In 1976, Kentucky passed legislation that abolished commercial bail bondsmen operating in the commonwealth. For many, this was seen as a positive move forward. Based on what’s being said now about eliminating money bail, one would think Kentucky is now – over 40 years after passing the legislation – a utopia the likes of which other states can only dream.
Why, then, is Kentucky STILL discussing bail reform? Surely if the bail bonds industry was the problem, 40 years of Kentucky policy would have corrected whatever latent defects remained in the system, right? Well…maybe not.
According to the Bureau of Justice Statistics:
Kentucky now has the ninth-highest incarceration rate in the United States, up two spots from the last ranking. The female incarceration rate is more than two times the national average and now stands at the second-highest in America, compared with fifth in the previous ranking. Kentucky also ranks second-highest among states and nearly double the national rate of children who have experienced parental incarceration. In July, 73 percent of Kentucky jails were at or over capacity and close to 10 jails were at or over 200 percent capacity.

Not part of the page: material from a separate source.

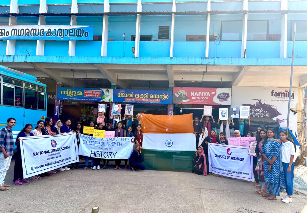 ഭരണഘടനാ മൂല്യവും, ജനാധിപത്യ പ്രക്രിയയിലെ തെരഞ്ഞെടുപ്പിൻ്റെ പ്രാധാന്യവും വ്യക്തമാക്കി ദയാപുരം വിദ്യാർത്ഥിനികൾ അവതരിപ്പിച്ച ” വി ദ പീപ്പിൾ ഓഫ് ഇന്ത്യ ” തെരുവുനാടക ജാഥ കുന്നമംഗലം ഗ്രാമപഞ്ചായത്ത് വിദ്യാഭ്യാസ സ്റ്റാൻഡിങ് കമ്മിറ്റി ചെയർമാനായ ചന്ദ്രൻ തിരുവലത്ത് ഉദ്ഘാടനം ചെയ്തു. ദയാപുരം കോളേജ് ചരിത്ര വിഭാഗം മേധാവി ശ്രീഷ്മ പി .വി, എൻ.എസ്.എസ് പ്രോഗ്രാം ഓഫീസർ എം. അഞ്ജു സുരേഷ്,ക്യാമ്പസസ് ഓഫ് കോഴിക്കോട് കോഡിനേറ്റർ ഗോപിക പ്രസന്നൻ , ദയാപുരം കോളേജ് അധ്യാപികയും മുൻ എൻ.എസ്.എസ് കോർഡിനേറ്ററുമായ

Big Spending on Corrections
Kentucky is set to spend nearly $700 million in “corrections” in 2019, and it is expected that jails in the state will run out of room soon. Meanwhile, other states are reducing incarceration rates. It seems that, in Kentucky at least, there’s a direct, positive correlation between high incarceration rates and the absence of bail bondsmen.
Pretrial Release Mechanisms
Despite the absence of bail bondsmen, bail still exists in Kentucky – defendants pay the amount to the courts instead of to private parties. Yet between 2012 and 2016, the use of monetary bail in district court for low-risk defendants grew from 22 percent to 31 percent. Do the courts just want the money?